Christine Lagarde denies wrongdoing in the Bernard Tapie compensation case
MF head Christine Lagarde says she has been placed under formal investigation for negligence in a French fraud case but has not been charged.
She has been questioned several times about her role in a 400m euro (£318m; $527m) compensation payout to businessman Bernard Tapie in 2008.
Ms Lagarde, 58, was finance minister in President Nicolas Sarkozy’s government at the time of the award.
Mr Tapie supported Mr Sarkozy in the 2007 presidential election.
He was once a majority shareholder in sports goods company Adidas but sold it in 1993 in order to become a cabinet minister in Francois Mitterrand’s Socialist government.

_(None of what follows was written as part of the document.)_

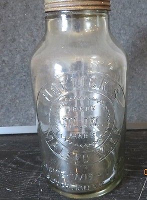 ANTIQUE HORLICK'S MALTED MILK GLASS JAR W/ ORIG LID
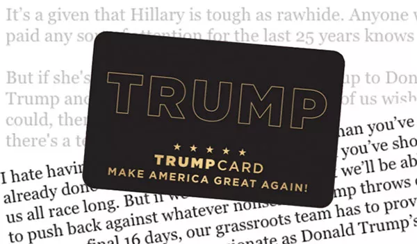 The Trump campaign wanted to give me something for my donation. The note read: “Receive your gift now. Friend, to receive your free personal gift from Mr. Trump, you must donate by 11:59 PM TONIGHT.” But there was nothing that explained what the gift was. However, another email did promise a specific gift — an “exclusive, non-transferable, invitation-only opportunity to receive a limited edition Trump Black Card.” My initial reaction was: “A Trump Black Card!?!?! Well, sign me up, because I can use some help with my holiday shopping.” But I realized that it was just a card to show that I’m going to proudly vote for Trump. I was going to write back and decline, because I don’t even plan to shamefully vote for Donald. But then I realized that in the eyes of the Trump machine, I’m special: “Who will be carrying this card? Only those who want to make a strong statement in this election,” the message promised. “You’ll be on a team that will be sending a message to Crooked Hillary to watch out, that we’re coming for her.” But I realized I was actually on Crooked Hillary’s team, so I decided not to get the card. I knew that Mr. Trump wouldn’t put up with anyone dishonest carrying his card.

He later spent eight months in jail over a football match-rigging scandal.
Mr Tapie sued Credit Lyonnais over its handling of the 1993 sale, alleging the partly state-owned bank had defrauded him by deliberately undervaluing the company.
His case was later referred by Ms Lagarde to a three-member arbitration panel which awarded the compensation.
Investigators suspect he was granted a deal in return for his support of Nicolas Sarkozy.
Ms Lagarde, who took over the role of director of the International Monetary Fund in July 2011, said last year that her decision to refer Mr Tapie’s long-running dispute with Credit Lyonnais to a panel of judges was “the best solution at the time”.
Although being placed under formal investigation does not necessarily lead to trial, the development could raise questions about the rest of her term at the IMF which is due to end in 2016.
She told AFP news agency she had no intention of resigning from the IMF and said she was due to return to New York later on Wednesday.